▸ **WORK INSTRUCTIONS**
Lines from the one with "- 2.7K Upgraded" up to and including the one with "Лондонският бенчмарк FTSE" are to be copied exactly from the records below, without their pictures.

BEGIN DATA FOR ANALYSIS

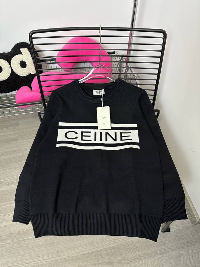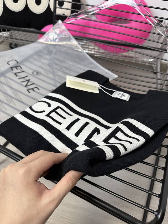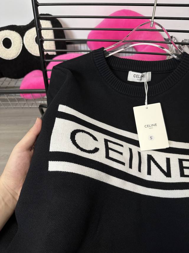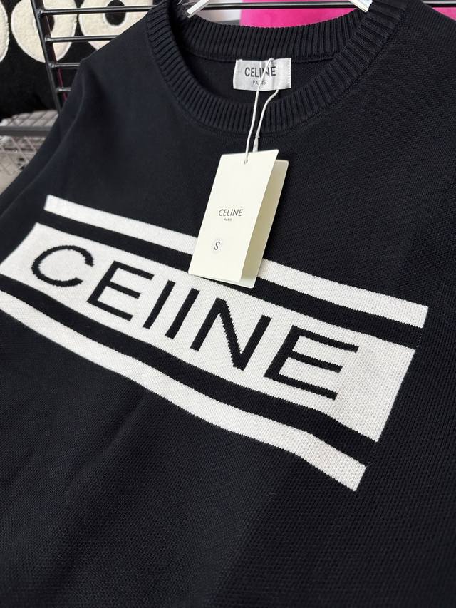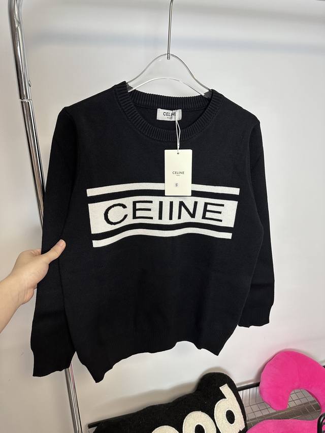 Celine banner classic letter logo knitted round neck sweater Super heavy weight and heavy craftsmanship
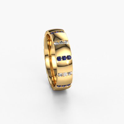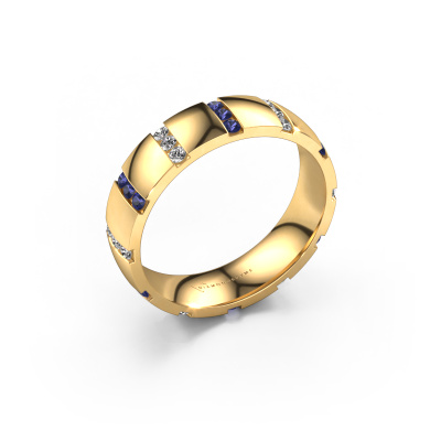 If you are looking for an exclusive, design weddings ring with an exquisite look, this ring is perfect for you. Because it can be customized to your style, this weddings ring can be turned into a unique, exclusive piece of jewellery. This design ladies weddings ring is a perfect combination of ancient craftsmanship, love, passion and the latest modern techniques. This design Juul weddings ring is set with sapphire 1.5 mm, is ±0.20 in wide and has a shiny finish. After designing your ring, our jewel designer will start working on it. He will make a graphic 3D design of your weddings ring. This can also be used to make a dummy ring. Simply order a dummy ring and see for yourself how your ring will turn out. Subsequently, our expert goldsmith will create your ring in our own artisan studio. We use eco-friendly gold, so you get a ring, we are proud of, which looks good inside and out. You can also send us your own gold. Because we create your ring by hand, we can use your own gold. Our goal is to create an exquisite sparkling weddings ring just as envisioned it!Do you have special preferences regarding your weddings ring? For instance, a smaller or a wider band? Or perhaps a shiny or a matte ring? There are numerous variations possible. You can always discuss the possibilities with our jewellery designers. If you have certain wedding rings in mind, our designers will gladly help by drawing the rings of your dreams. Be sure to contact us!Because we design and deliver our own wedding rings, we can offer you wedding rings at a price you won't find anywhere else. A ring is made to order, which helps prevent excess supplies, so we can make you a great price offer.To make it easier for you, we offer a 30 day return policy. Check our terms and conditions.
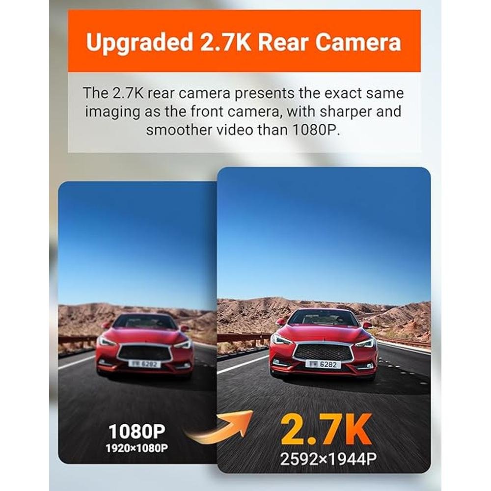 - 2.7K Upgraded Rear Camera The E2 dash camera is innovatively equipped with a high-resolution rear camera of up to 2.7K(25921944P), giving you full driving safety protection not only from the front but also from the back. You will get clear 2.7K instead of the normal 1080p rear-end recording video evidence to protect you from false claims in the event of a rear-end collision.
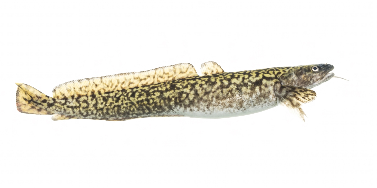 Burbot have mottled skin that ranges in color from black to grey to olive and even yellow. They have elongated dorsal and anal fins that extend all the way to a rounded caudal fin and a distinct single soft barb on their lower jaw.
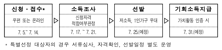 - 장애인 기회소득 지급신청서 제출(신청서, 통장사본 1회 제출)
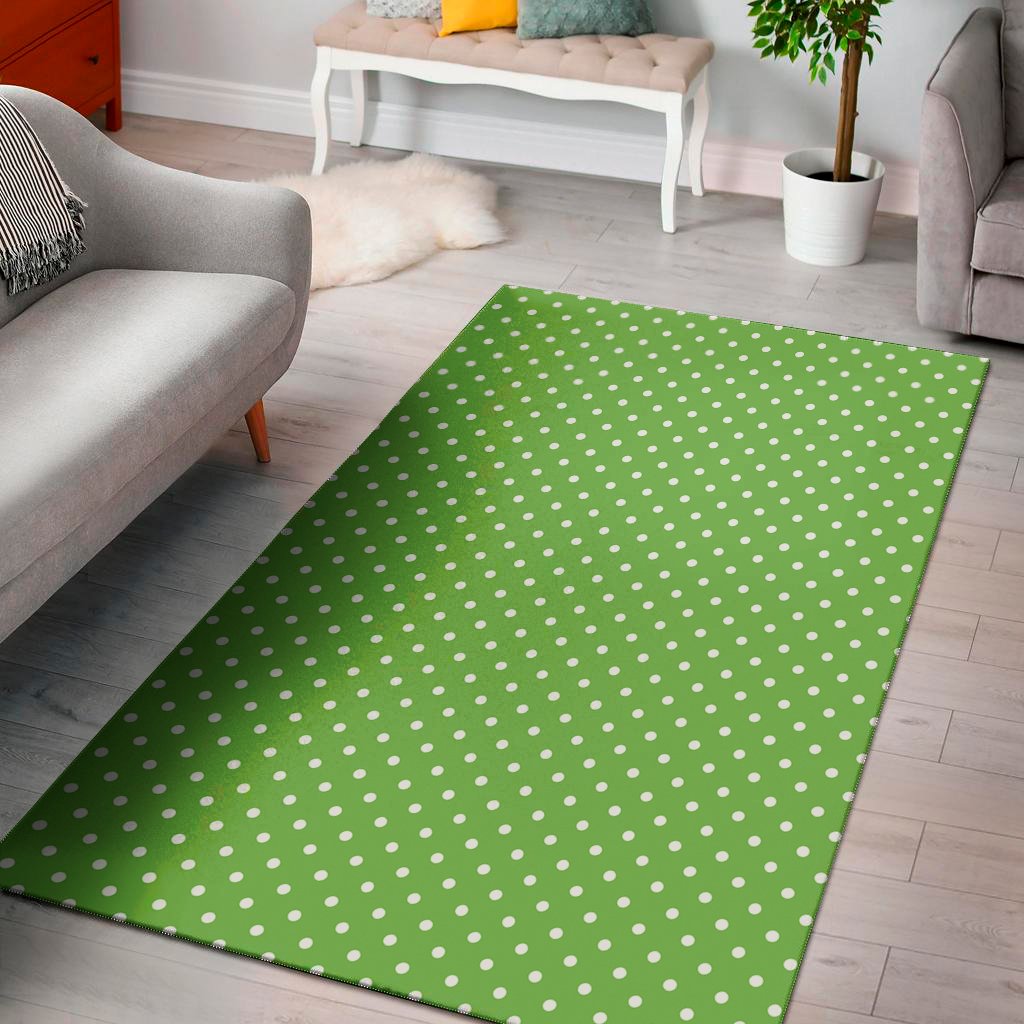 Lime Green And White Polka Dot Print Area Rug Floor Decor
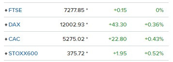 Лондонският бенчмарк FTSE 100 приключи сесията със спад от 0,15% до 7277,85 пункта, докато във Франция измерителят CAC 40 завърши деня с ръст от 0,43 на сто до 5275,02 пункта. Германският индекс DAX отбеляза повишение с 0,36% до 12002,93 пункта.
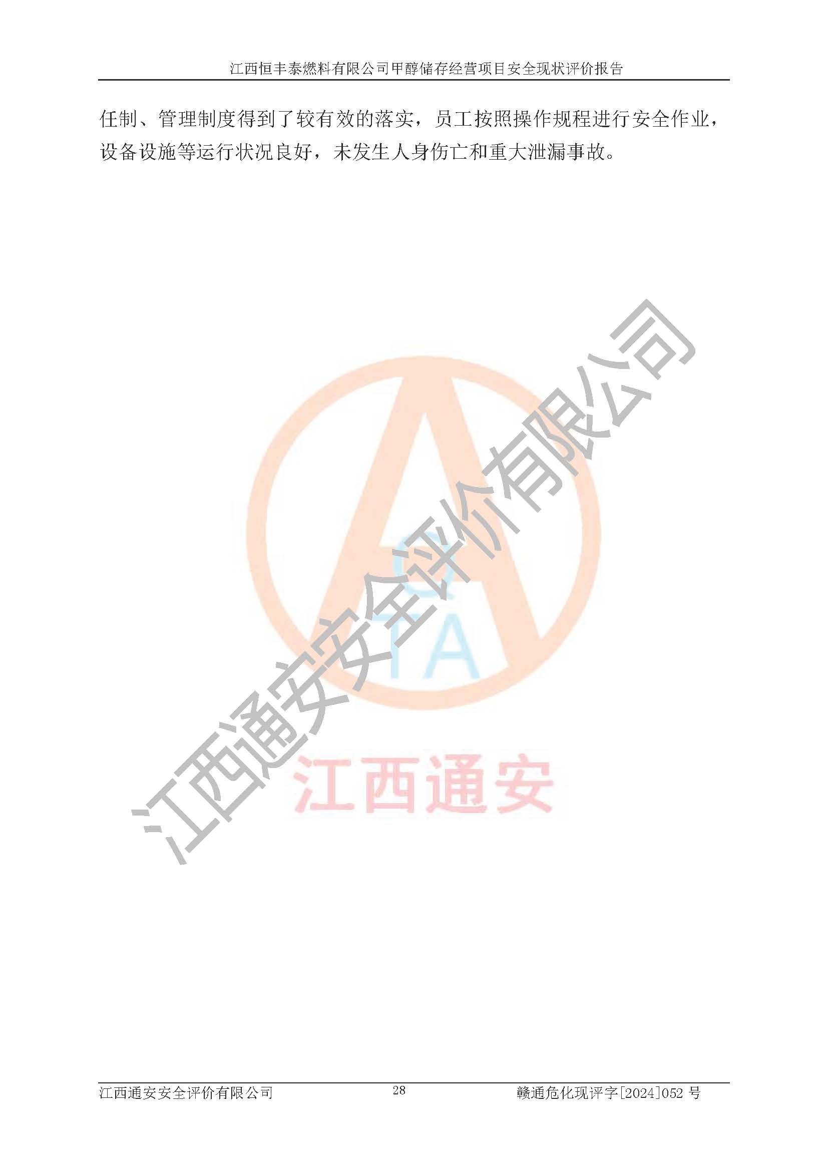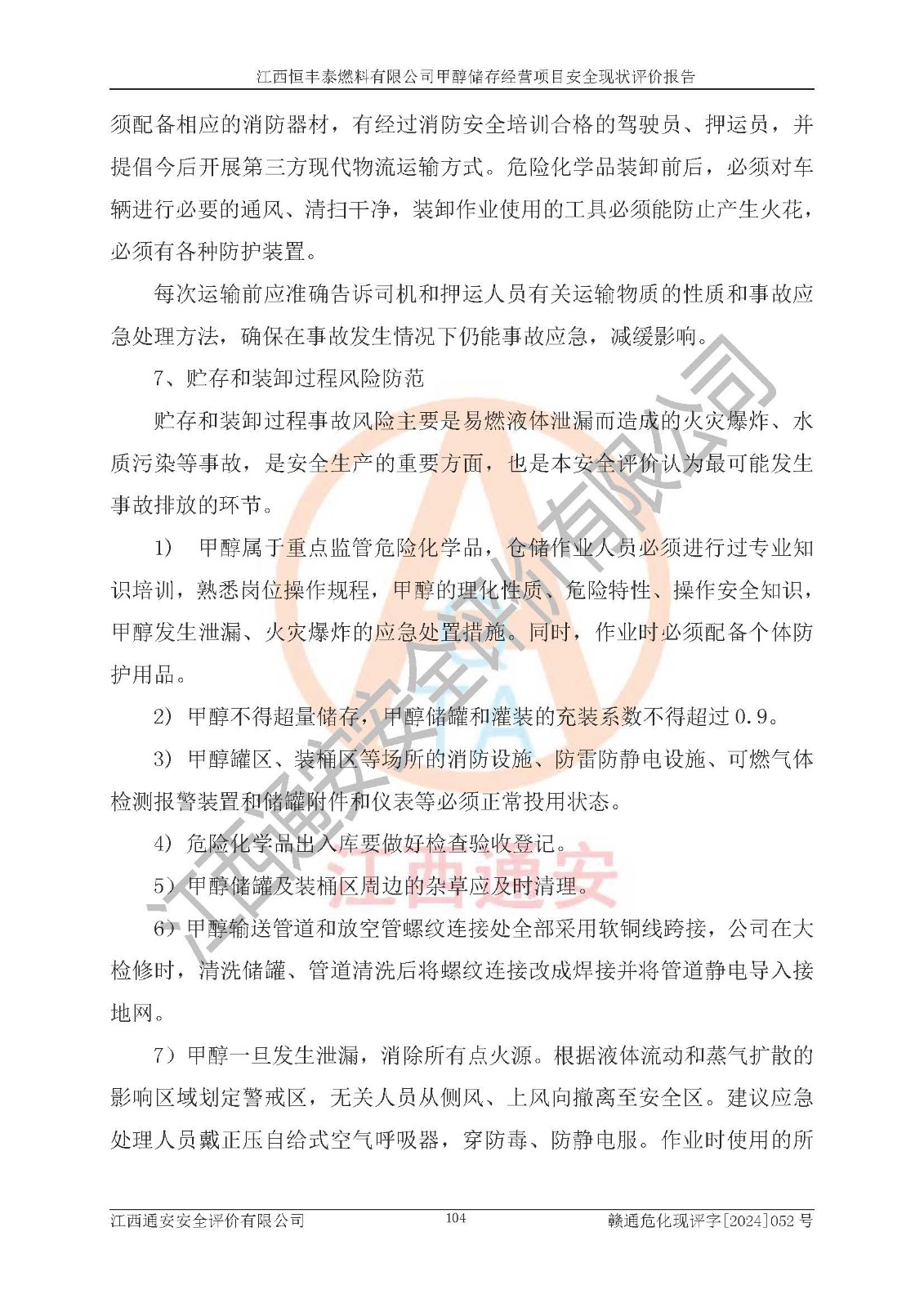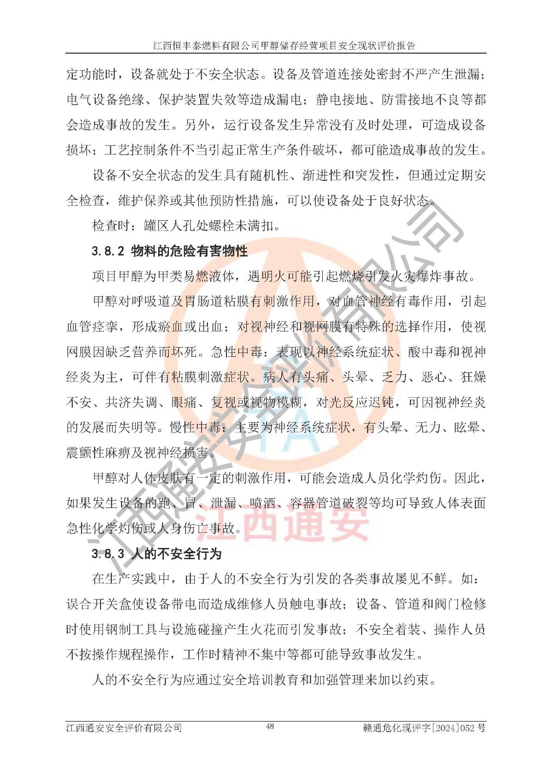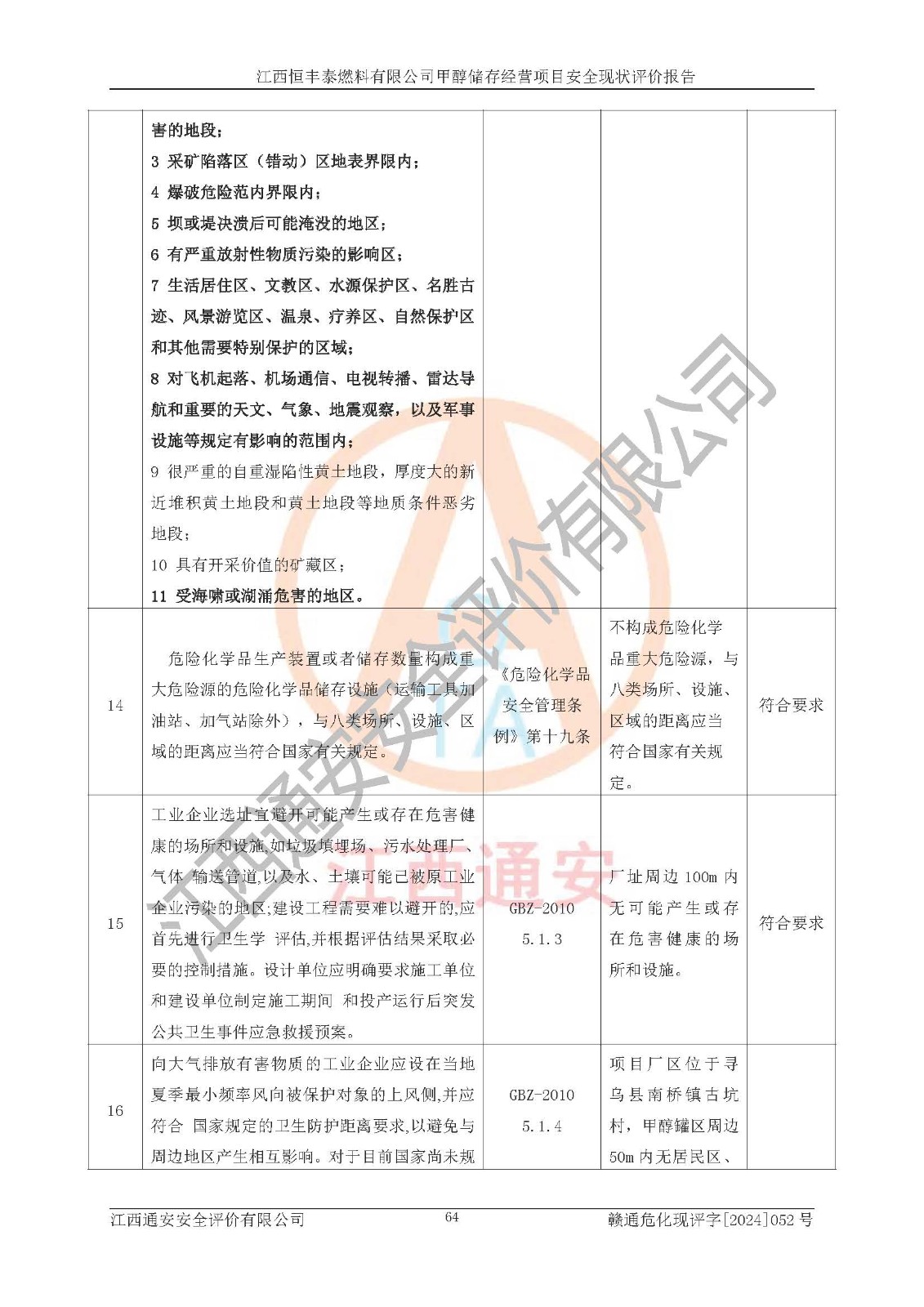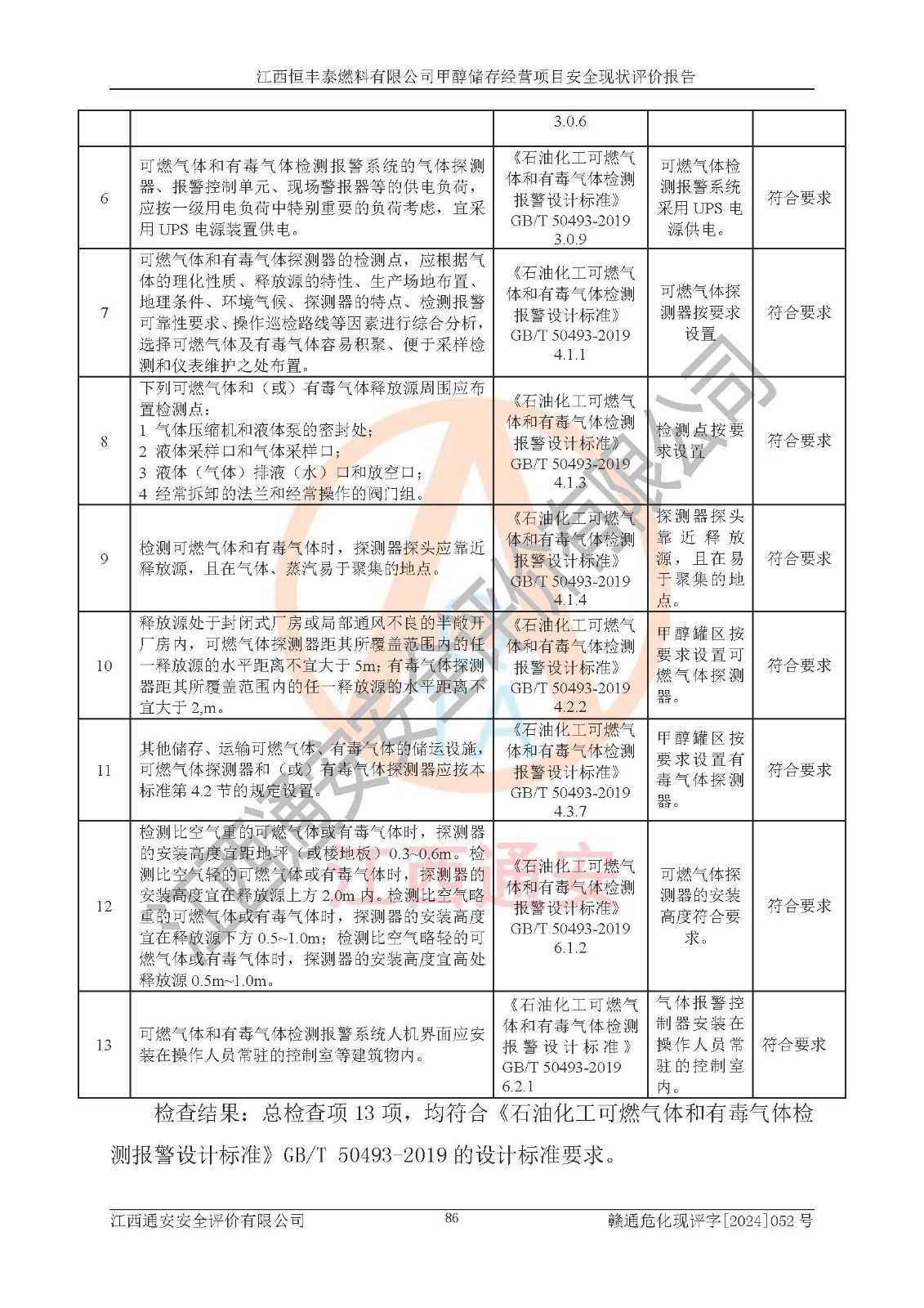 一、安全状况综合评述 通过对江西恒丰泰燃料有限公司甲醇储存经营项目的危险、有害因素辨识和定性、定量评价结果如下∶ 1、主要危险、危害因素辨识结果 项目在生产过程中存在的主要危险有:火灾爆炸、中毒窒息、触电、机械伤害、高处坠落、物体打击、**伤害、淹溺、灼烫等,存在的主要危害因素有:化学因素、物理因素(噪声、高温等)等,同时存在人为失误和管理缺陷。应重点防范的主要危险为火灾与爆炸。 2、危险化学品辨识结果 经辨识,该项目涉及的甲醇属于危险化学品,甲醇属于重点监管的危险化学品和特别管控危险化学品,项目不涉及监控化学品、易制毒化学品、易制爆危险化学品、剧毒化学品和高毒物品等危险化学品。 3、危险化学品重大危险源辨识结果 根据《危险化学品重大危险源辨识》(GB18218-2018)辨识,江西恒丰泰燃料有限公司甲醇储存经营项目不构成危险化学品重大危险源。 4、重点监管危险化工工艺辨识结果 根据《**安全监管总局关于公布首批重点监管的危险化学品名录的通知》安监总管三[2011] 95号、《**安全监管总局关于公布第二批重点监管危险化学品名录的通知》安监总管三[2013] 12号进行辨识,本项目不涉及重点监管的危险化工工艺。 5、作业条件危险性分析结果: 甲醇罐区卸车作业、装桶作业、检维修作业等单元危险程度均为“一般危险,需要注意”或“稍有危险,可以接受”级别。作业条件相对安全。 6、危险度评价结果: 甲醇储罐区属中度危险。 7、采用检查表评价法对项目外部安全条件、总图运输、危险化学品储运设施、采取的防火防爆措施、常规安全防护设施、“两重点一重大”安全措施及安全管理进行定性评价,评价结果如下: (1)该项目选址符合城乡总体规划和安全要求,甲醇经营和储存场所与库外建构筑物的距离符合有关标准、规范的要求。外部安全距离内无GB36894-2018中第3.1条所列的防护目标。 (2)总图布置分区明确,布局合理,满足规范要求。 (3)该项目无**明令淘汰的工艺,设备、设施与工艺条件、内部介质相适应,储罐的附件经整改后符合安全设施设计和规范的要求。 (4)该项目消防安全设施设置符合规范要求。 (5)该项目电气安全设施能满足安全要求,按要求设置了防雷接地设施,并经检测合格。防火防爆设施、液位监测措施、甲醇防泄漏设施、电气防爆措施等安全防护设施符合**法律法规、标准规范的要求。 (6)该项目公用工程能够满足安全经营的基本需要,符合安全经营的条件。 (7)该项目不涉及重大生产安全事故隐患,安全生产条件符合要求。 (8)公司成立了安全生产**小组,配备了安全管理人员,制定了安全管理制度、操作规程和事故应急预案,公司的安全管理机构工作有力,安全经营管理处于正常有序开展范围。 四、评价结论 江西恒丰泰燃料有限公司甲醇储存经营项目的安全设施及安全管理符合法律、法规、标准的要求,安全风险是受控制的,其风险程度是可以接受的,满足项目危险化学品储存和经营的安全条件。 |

END DATA FOR ANALYSIS

▸ **TASK SOLUTION**
 - 2.7K Upgraded Rear Camera The E2 dash camera is innovatively equipped with a high-resolution rear camera of up to 2.7K(25921944P), giving you full driving safety protection not only from the front but also from the back. You will get clear 2.7K instead of the normal 1080p rear-end recording video evidence to protect you from false claims in the event of a rear-end collision.
 Burbot have mottled skin that ranges in color from black to grey to olive and even yellow. They have elongated dorsal and anal fins that extend all the way to a rounded caudal fin and a distinct single soft barb on their lower jaw.
 - 장애인 기회소득 지급신청서 제출(신청서, 통장사본 1회 제출)
 Lime Green And White Polka Dot Print Area Rug Floor Decor
 Лондонският бенчмарк FTSE 100 приключи сесията със спад от 0,15% до 7277,85 пункта, докато във Франция измерителят CAC 40 завърши деня с ръст от 0,43 на сто до 5275,02 пункта. Германският индекс DAX отбеляза повишение с 0,36% до 12002,93 пункта.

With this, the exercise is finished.